Culturing conditions such as culturing temperature and pH can be applied without particular limitation, and may be set and cultivated according to the yeast strain to be used. Generally, the culture temperature is 20 to 40 ° C. and the pH is 3.0 to 9.0. The culture form may be either batch culture or continuous culture, and the conditions such as stirring and aeration during culture are not particularly limited, and a general method may be used.

In the present invention, yeast cells obtained by general culture of yeast can be used as they are. Yeast cells produced in the beer manufacturing process can also be used. It is also possible to use the yeast cell (yeast residue) that remains after extracting a useful component such as yeast extract from the yeast cell. The method for extracting yeast extract and useful components is not particularly limited, but yeast extract or yeast extract can be obtained by extracting yeast with one or more of hot water, acid / alkaline solution, autolysis, mechanical crushing, etc. Extracted useful components can be used.

In the present invention, the yeast cell wall-degrading enzyme is allowed to act on the yeast cells or yeast residues obtained by the above method. It is preferable to use glucanase as the yeast cell wall degrading enzyme. Furthermore, it is particularly preferable to use a glucanase that does not contain protease or has no protease activity. As long as the cell wall-degrading enzyme does not have protease activity, the cell wall-degrading enzyme may be allowed to act at a temperature and pH at which the protease in the enzyme preparation does not act, even if the protease is contained. Examples of enzymes having low or no protease activity include the cell wall degrading enzyme "Denateam GEL" (manufactured by Nagase ChemteX) derived from the genus Streptomyces, "Filtase BRX" (manufactured by DSM) derived from the genus Talaromyces, and the like. it can. When glucanase containing no protease is used, or when protease treatment is performed under conditions in which protease does not act, protease treatment may be performed after glucanase treatment. Any protease can be used.

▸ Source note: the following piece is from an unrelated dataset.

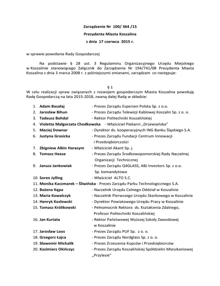 Zarządzenie Nr 100/ 364 /15 Prezydenta Miasta Koszalina z dnia 17 czerwca 2015 r. w sprawie powołania Rady Gospodarczej Na podstawie § 28 ust. 3 Regulaminu Organizacyjnego Urzędu Miejskiego w Koszalinie stanowiącego Załącznik do Zarządzenia Nr 194/741/08 Prezydenta Miasta Koszalina z dnia 3 marca 2008 r. z późniejszymi zmianami, zarządzam co następuje: §1 W celu realizacji spraw związanych z rozwojem gospodarczym Miasta Koszalina powołuję Radę Gospodarczą na lata 2015-2018, zwaną dalej Radą w składzie: 1. 2. 3. 4. 5. 6. Adam Basałaj - Prezes Zarządu Espersen Polska Sp. z o.o. Jarosław Bihun - Prezes Zarządu Telewizji Kablowej Koszalin Sp. z o. o. Tadeusz Bohdal - Rektor Politechniki Koszalińskiej Violetta Małgorzata Chodkowska - Właściciel Piekarni „Drzewiańska” Maciej Downar - Dyrektor ds. kooperacyjnych ING Banku Śląskiego S.A. Justyna Grosicka - Prezes Zarządu Fundacji Centrum Innowacji i Przedsiębiorczości 7. Zbigniew Albin Harasym - Właściciel Akant Sp. j. 8. Tomasz Heese - Prezes Zarządu Środkowopomorskiej Rady Naczelnej Organizacji Technicznej 9. Janusz Jankowiak - Prezes Zarządu Q4GLASS, ABJ Investors Sp. z o.o. Sp. komandytowa 10. Soren Jylling - Właściciel ALTO S.C. 11. Monika Kaczmarek – Śliwińska - Prezes Zarządu Parku Technologicznego S.A. 12. Bożena Kępa - Naczelnik Urzędu Celnego Oddział w Koszalinie 13. Maria Kowalczyk - Naczelnik Pierwszego Urzędu Skarbowego w Koszalinie 14. Henryk Kozłowski - Dyrektor Powiatowego Urzędu Pracy w Koszalinie 15. Tomasz Królikowski - Pełnomocnik Rektora ds. Kształcenia Zdalnego, Profesor Politechniki Koszalińskiej 16. Jan Kuriata - Rektor Państwowej Wyższej Szkoły Zawodowej w Koszalinie 17. Jarosław Loos - Prezes Zarządu PUF Sp. z o. o. 18. Grzegorz Łajca - Prezes Zarządu Nordglass Sp. z o. o. 19. Sławomir Michalik - Prezes Zrzeszenia Kupców i Przedsiębiorców 20. Kazimierz Okińczyc - Prezes Zarządu Koszalińskiej Spółdzielni Mieszkaniowej „Przylesie” 21. Wojciech Okupski 22. Marek Pogonowski 23. Romuald Sobieralski 24. Wanda Stypułkowska 25. Małgorzata Szatkowska 26. Sylwester Szymanik 27. Milena Trojanowska 28. Viktor Wanli 29. Lech Wojciechowski 30. Wiesław Zinka 31. Eugeniusz Żuber - Dyrektor Wojewódzkiego Urzędu Pracy Filia w Koszalinie - Dyrektor Oddziału Zakładu Ubezpieczeń Społecznych w Koszalinie - Prezydent Koszalińskiej Izby Przemysłowo-Handlowej - Prezes Zarządu MPS International Sp. z o. o. - Prokurent Total Wind PL sp. z o. o. - Prokurent Royal Greenland Seafood Sp. z o.o. - Właściciel Fabryki Flag Linea - Prezes Zarządu VIWA Entertainment Poland Sp. z o. o. - Prezes Zarządu EkoWodrol Sp. z o. o. - Prezes MEDEN-INMED Sp. z o. o. - nauczyciel akademicki, doświadczony samorządowiec §2 Kadencja Rady, o której mowa w §1 upływa wraz z kadencją Prezydenta Miasta Koszalina. §3 Zadania i kompetencje Rady, o której mowa w §1 określa Regulamin Rady stanowiący załącznik do niniejszego Zarządzenia. §4 Obsługę organizacyjną Rady zapewnia Pełnomocnik Prezydenta ds. Inwestorów Kluczowych i Zatrudnienia Urzędu Miejskiego w Koszalinie. §5 Zarządzenie wchodzi w życie z dniem podpisania. Prezydent Miasta Koszalina Piotr Jedliński Załącznik Nr 1 do Zarządzenia Nr 100/364/15 Prezydenta Miasta Koszalina z dnia 17 czerwca 2015 r. REGULAMIN I KOMPETENCJE RADY GOSPODARCZEJ 1. Rada Gospodarcza, zwana dalej Radą jest ciałem doradczo – opiniodawczym Prezydenta Miasta Koszalina, w zakresie spraw związanych z rozwojem gospodarczym Koszalina. 2. W skład Rady wchodzą koszalińscy przedsiębiorcy, przedstawiciele środowisk gospodarczych i naukowych oraz środowisk pracujących w otoczeniu i na rzecz gospodarki. 3. Przewodniczącego Rady oraz Zastępcę Przewodniczącego wybiera ze swego grona Rada. 4. Posiedzenia Rady zwołuje Przewodniczący w uzgodnieniu z Prezydentem. Posiedzenia Rady mogą być także zwoływane na wniosek Prezydenta, z inicjatywy Przewodniczącego lub na wniosek co najmniej trzech członków Rady. 5. Posiedzeniami Rady kieruje Przewodniczący lub Zastępca, w przypadku nieobecności Przewodniczącego. 6. Na posiedzenia Rady mogą być również zapraszane osoby spoza jej składu. 7. Do kompetencji Rady należy w szczególności: a) opiniowanie projektów strategii i programów związanych z rozwojem Koszalina, b) opiniowanie projektów dokumentów związanych z kierunkami polityki gospodarczej Miasta Koszalina, w tym w zakresie: - podatków i opłat lokalnych, - miejscowych planów zagospodarowania przestrzennego Miasta Koszalina, - wieloletnich planów inwestycyjnych, - gospodarki nieruchomościami, - kierunków kształcenia i rynku pracy, c) doradzanie Prezydentowi w zakresie spraw związanych z rozwojem gospodarczym i tworzeniem nowych miejsc pracy, zwłaszcza dotyczących przedsięwzięć inwestycyjnych w Mieście oraz pozyskiwaniem funduszy na ich realizację, d) prezentowanie oczekiwań środowisk gospodarczych sprzyjających rozwojowi Miasta Koszalina. 8. Członkowie Rady mogą wchodzić w skład delegacji Prezydenta uczestniczących w krajowych i zagranicznych misjach gospodarczych.

The enzyme treatment conditions are not particularly limited. Depending on the enzyme used, those skilled in the art may have conditions that can be appropriately selected. The suspension concentration of yeast cells and the like, the enzyme concentration, etc. are arbitrary, but in general, the suspension concentration of yeast cells and the like is 5 to 20% by weight, and the addition concentration of glucanase is 0.001 to 10 with respect to yeast. %, preferably 0.01 to 0.5%, and the pH is preferably near neutral, but it may be within the pH range in which the enzyme acts. The reaction temperature is also preferably near the optimum temperature, and is not particularly limited. The enzyme reaction time is arbitrary. The enzyme reaction may be appropriately adjusted by those skilled in the art depending on the mode of use, such as when the product of the present invention is directly ingested or when it is mixed with other foods. For example, when the product of the present invention is directly ingested, the enzyme is added to yeast or yeast residue so as to be 0.3% by weight, and the mixture is reacted for 5 hours. This makes the yeast or yeast residue highly soluble in water and is easy to handle.

After the enzyme treatment, the component that dissolves in water and the component that does not dissolve in water may be separated, but they may not be separated and may be used as they are as the yeast protein-containing composition of the present invention.

The protein content of the present invention was calculated by the Kjeldahl method (calculated by multiplying the total amount of nitrogen by the nitrogen-protein conversion coefficient of 6.25). In the present invention, it is preferable that the composition contains 50% by weight or more. Other ingredients are optional, but may contain dietary fiber, vitamins and the like.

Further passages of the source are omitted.